=== Section Start ===

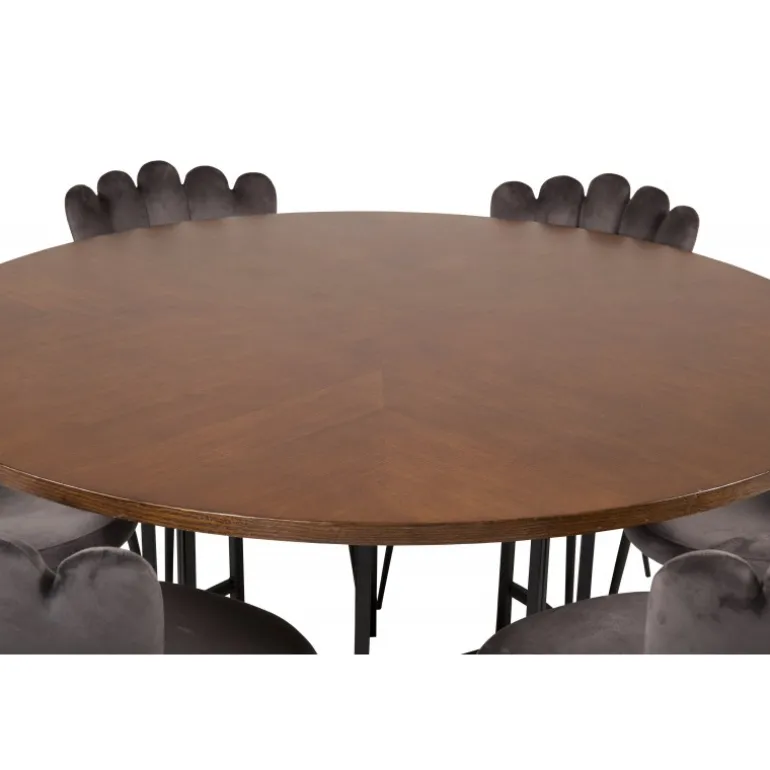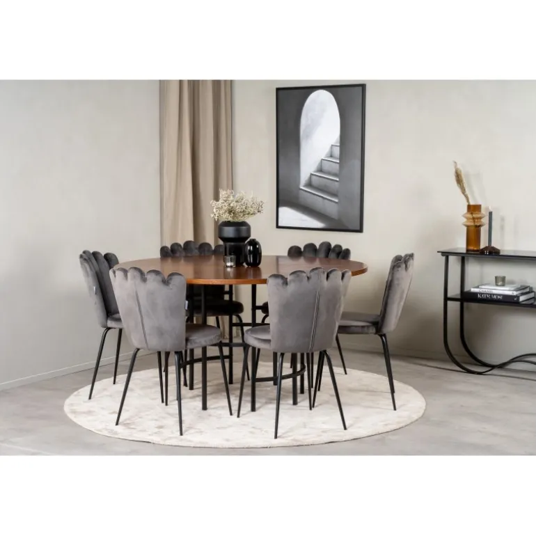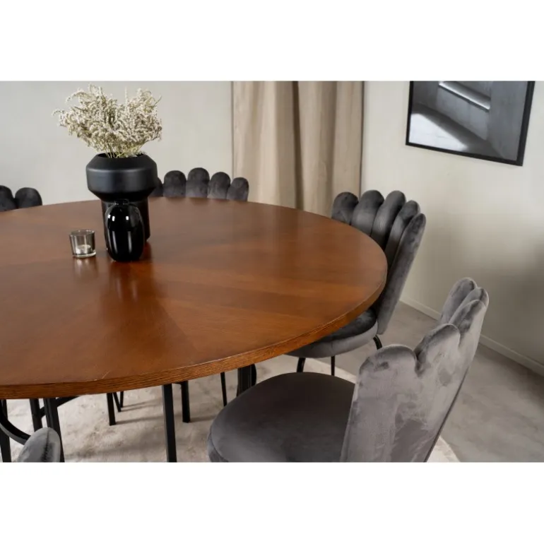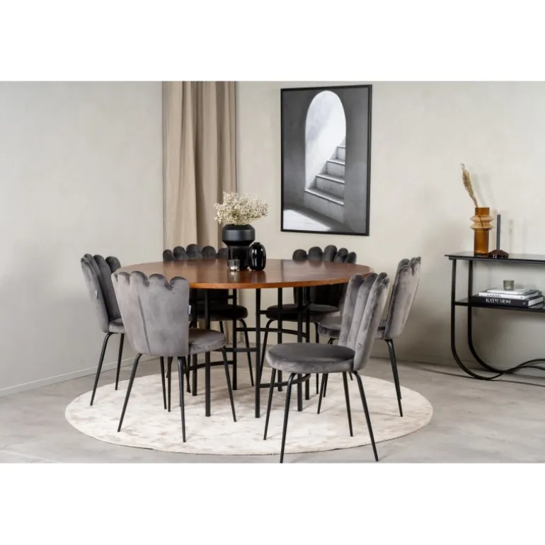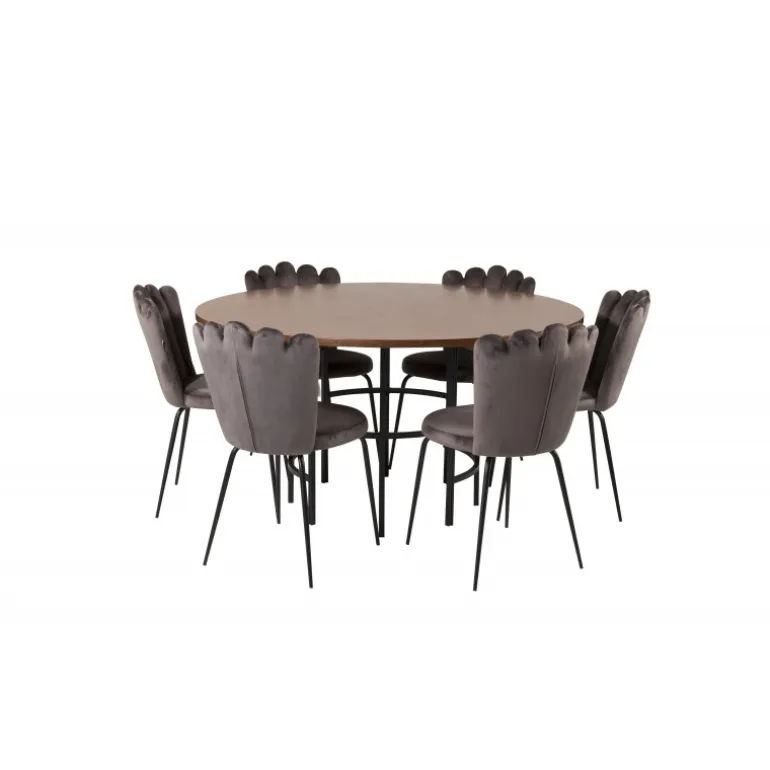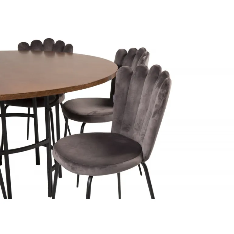 Rundt Spisebordssæt med en dejlig aura fra Furniture Fashion kollektionen. Her er materialer og farver blandet i en fantastisk kombination. Bordet Copenhagen sammen med grå spisestole i Limhamn serien. De unikke ryglæn på stolene giver Spisebordssættet et vidunderligt unikt udtryk. Perfekt til enhver moderne spisestue, dette sæt vil tilføre elegance og stil til dit hjem.
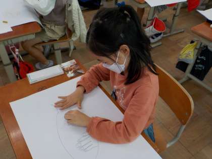 収穫したサツマイモを持つ自分を描いています。サツマイモを持つ手を描くのは難しそうですが、写真を参考にしながら、よく見て描いています。
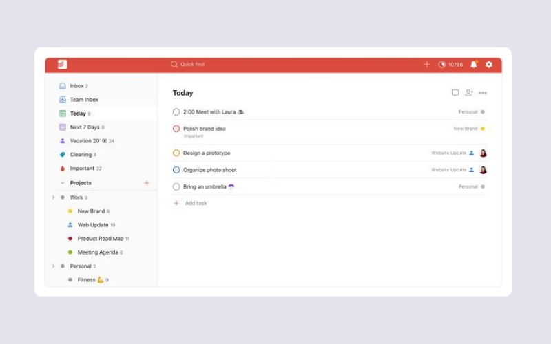 Todoist là ứng dụng quản lý công việc cá nhân với hơn 10 triệu người dùng, thiết kế tối giản và tập trung vào trải nghiệm lập danh sách việc cần làm hàng ngày.
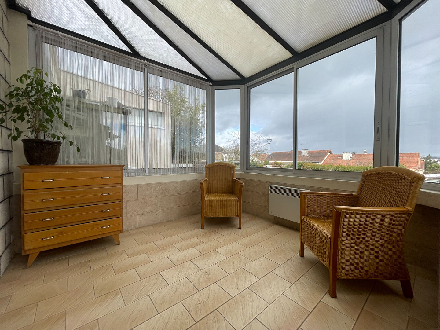 SAINT-CYR-L'ECOLE! Situé dans un quartier pavillonnaire calme , proche à pied des écoles, commerces et à 15 minutes environ de la gare, charmante maison d'environ 80m² habitable avec s/sol total , édifiée sur un terrain de 215m² , bien agencé et lumineuse. Elle comprend au rez-de-chaussée : entrée, séjour cathédrale expo sud donnant sur jardin au calme, cuisine aménagée et équipée, véranda, salle d'eau , WC. A l'étage: 3 chambres ( possibilité de créer une 4ème chambre) , salle de bains; WC. Un sous sol total complète ce bien incluant un garage , une buanderie et une cave. Très beau potentiel ! FAIRE VITE! frais agence inclus de 6% à la charge acquéreurs. (6.06 % honoraires TTC à la charge de l'acquéreur.)
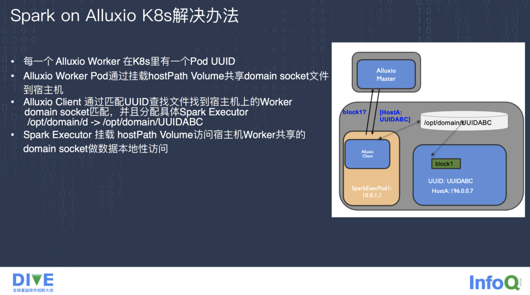 实践后得出的解决方法是让 Alluxio Worker 通过挂载 hostPath Volume 的方式共享 Domain Socket 到宿主机,比如挂载到 /opt/domain 这个路径,由于每个 Alluxio Worker 在 Kubernetes 里都有唯一的 Pod UUID,我们把 Pod 的 UUID 挂载到 /opt/domain 路径下,具体的文件就变成了 /opt/domain/UUIDA,Alluxio client 会到 Alluxio Master 询问文件的 Block 所在的 Alluxio Worker 的 Pod。
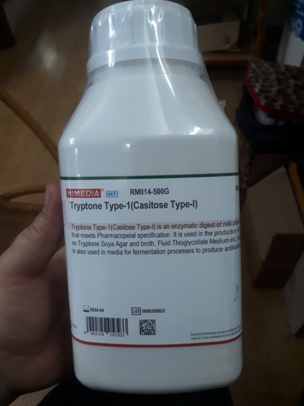 Tryptone Type-1 (Casitose Type-I) is an enzymatic digest of milk protein, very rich in amino nitrogen that meets Pharmacopeial specification. It is used in the production of Sterility Testing Media such as Tryptone Soya Agar and broth, Fluid Thioglycollate Medium etc, and various Diagnostic Media. It is also used in media for fermentation processes to produce antibiotics and toxins.It is equivalent to Casein Enzyme Hydrolysate Type I.
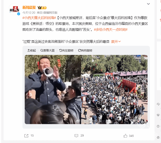 作为热门游戏黑神话:悟空的取景地之一,小西天(也称为千佛庵)在本次国庆假期期间,位于山西省临汾市隰县的这一景区既享受到了游客流量带来的红利,也面临着游客数量激增带来的挑战。景区工作人员表示,由于景区的容纳能力有限,不得不采取排队和限流措施。一些游客因等待时间过长而感到不满。
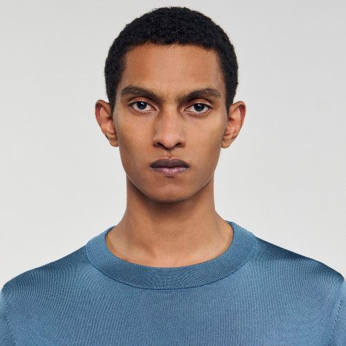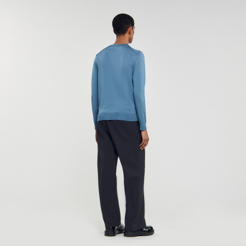 Fine knit jumper with round neck and long sleeves.

=== Section End ===

● Task: Write out, exactly, the lines of the material from the very first through the line containing "Todoist là ứng", and leave out every picture.

● Your response:
 Rundt Spisebordssæt med en dejlig aura fra Furniture Fashion kollektionen. Her er materialer og farver blandet i en fantastisk kombination. Bordet Copenhagen sammen med grå spisestole i Limhamn serien. De unikke ryglæn på stolene giver Spisebordssættet et vidunderligt unikt udtryk. Perfekt til enhver moderne spisestue, dette sæt vil tilføre elegance og stil til dit hjem.
 収穫したサツマイモを持つ自分を描いています。サツマイモを持つ手を描くのは難しそうですが、写真を参考にしながら、よく見て描いています。
 Todoist là ứng dụng quản lý công việc cá nhân với hơn 10 triệu người dùng, thiết kế tối giản và tập trung vào trải nghiệm lập danh sách việc cần làm hàng ngày.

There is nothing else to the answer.